Coffee goes stale a lot faster than tea. So while freshly ground coffee would have no real problems being steeped in a bag it’s a really bad idea to package and ship preground coffee in a bunch of tiny little baggies. You would have to seal each bag in something airtight individually. Which is going to be more expensive than just buying a can of it, and lower quality than a bag of fresh beans. Without all of the convenience (real or perceived) of something like a kurig.
As for why tea is steeped in bags other than some other method? Well, you totally can use other methods and lots of people do. Tea bags are just super easy.
You can get coffee bags. And lose tea will brew perfectly fine in a French press. I have not actually tried brewing tea in a coffee machine but I suspect the leaves will make it hard for the water to soak through well.

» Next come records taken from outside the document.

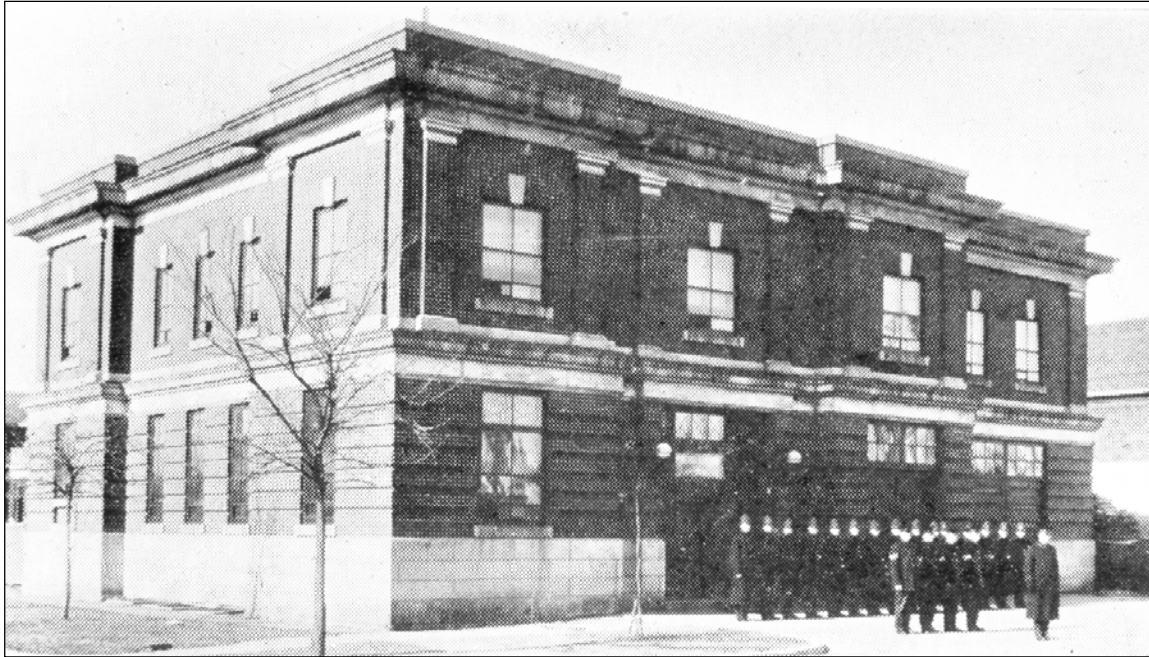
Plate 3 – Jessie Avenue, Fort Rouge Substation, n.d., now demolished.
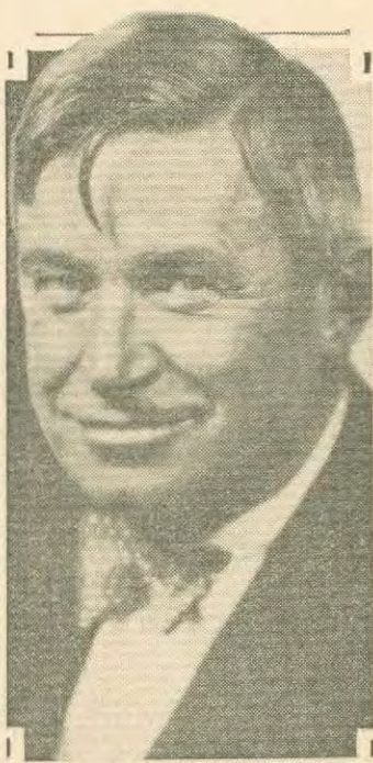
WILL ROGERS, American jester extraordinary, comments on world news each Sunday at 9.30 P. M., over the CBS-WABC chain.
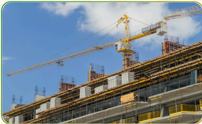
Engineering and Construction
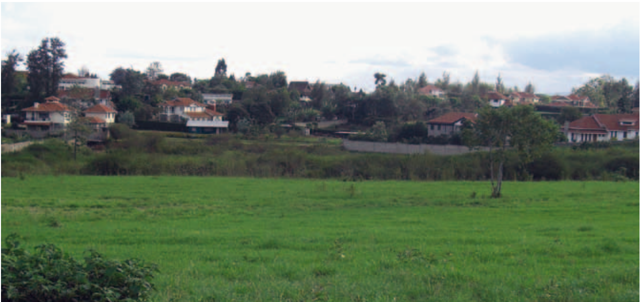
Productive land use is essential to meet competing needs and demands.
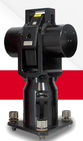
TRACKER 2 1999

RADIAN 6D trackers can be enhanced with calibration tools to perform dynamic calibration and tracking of industrial robots and machine tools providing enhanced performance of manufacturing processes by reducing process variation.
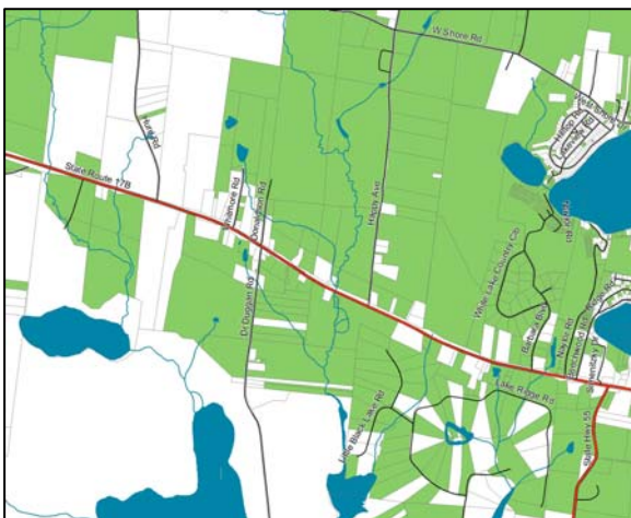
(Map 4: showing remaining Buildable Parcels )
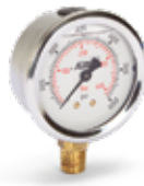
Pressure Gauge PN 6089 0–6000 psi
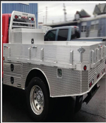
Custom Skirted Flatbed with Sideboards and Toolboxes

For more information, visit DuraMagTruckBodies.com
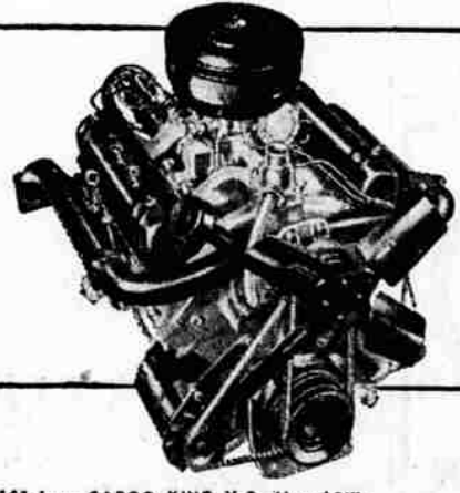
145-h. p. CARGO KING V-B: New LOW
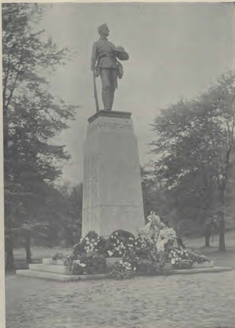
Soldiers' War Memorial, Niagara Falls.

In keeping with this prophecy we are warranted in looking for a world wide evangelizing missionary movement just after 1840, that would mark the finishing of the gospel work in the earth and prepare the way for the culminating events of the seventh trumpet, which include the judgment day, the punishment of the wicked, and the reward of the people of God. "And the seventh angel sounded; and there were great voices in heaven, saying, the kingdoms of this world are become the kingdoms of our Lord, and of His Christ; and He shall reign forever and ever. And the four and twenty elders, which sat before God on their seats, fell upon their faces, and worshipped God, saying, We give Thee thanks, O Lord God Almighty, which art, and wast, and art to come; because Thou has taken to Thee Thy great power, and hast reigned. And the nations were angry, and Thy wrath is come, and the time of the dead, that they should be judged, and that thou shouldst give reward unto Thy servants the prophets, and to the saints, and them that fear thy name, small and great; and shouldst destroy them which destroy
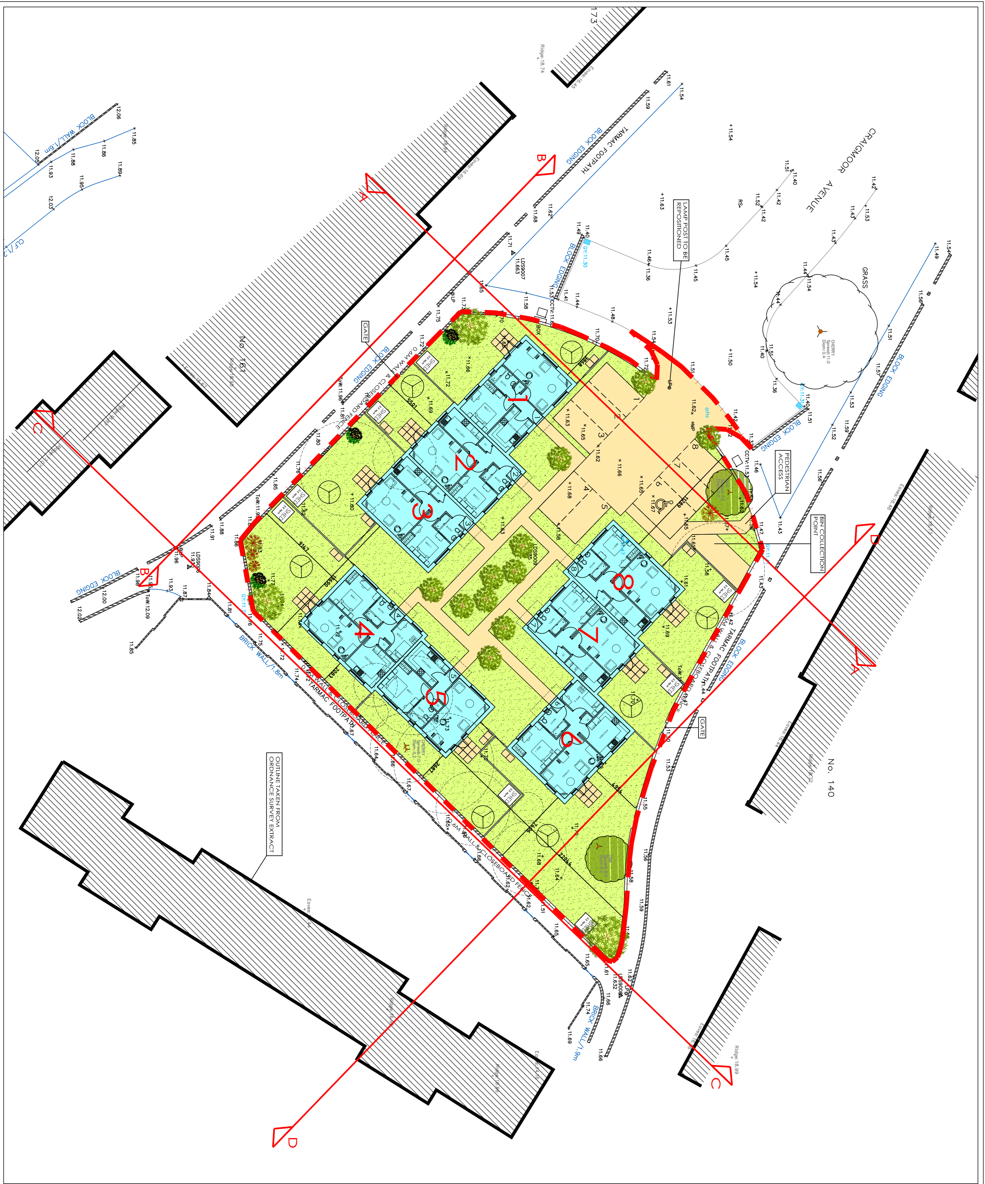
SITE PLAN SCALE 1:200 BASED ON TOPOGRAPHICAL SURVEY INFORMATION

It is more traditional. Ground coffee needs to be kept away from air as it will go stale while tea can be kept in the open. So coffee bags can be hard to store like tea bags.
The reason why people go to the trouble to press coffee rather than steep it in a bag is that when water runs over coffee and extracts flavor, the first flavor it extracts is the flavor people like the most. The flavor that is extracted over time, such as by steeping the coffee or having the grounds exposed to water for a longer time, is more bitter and most people are turned off by it. That’s not the case with tea so it’s fine to soak tea leaves, they’re still yummy. But by pressing water over coffee (FYI: the root word of espresso is “press”), you are minimizing the length of time the coffee is wet and you’re getting out of that coffee the freshest, first, tastiest results of the water being pressed over it. This is a lot of trouble, and it’s not at all needed to get the good flavor out of tea leaves, so nobody bothers doing it for tea.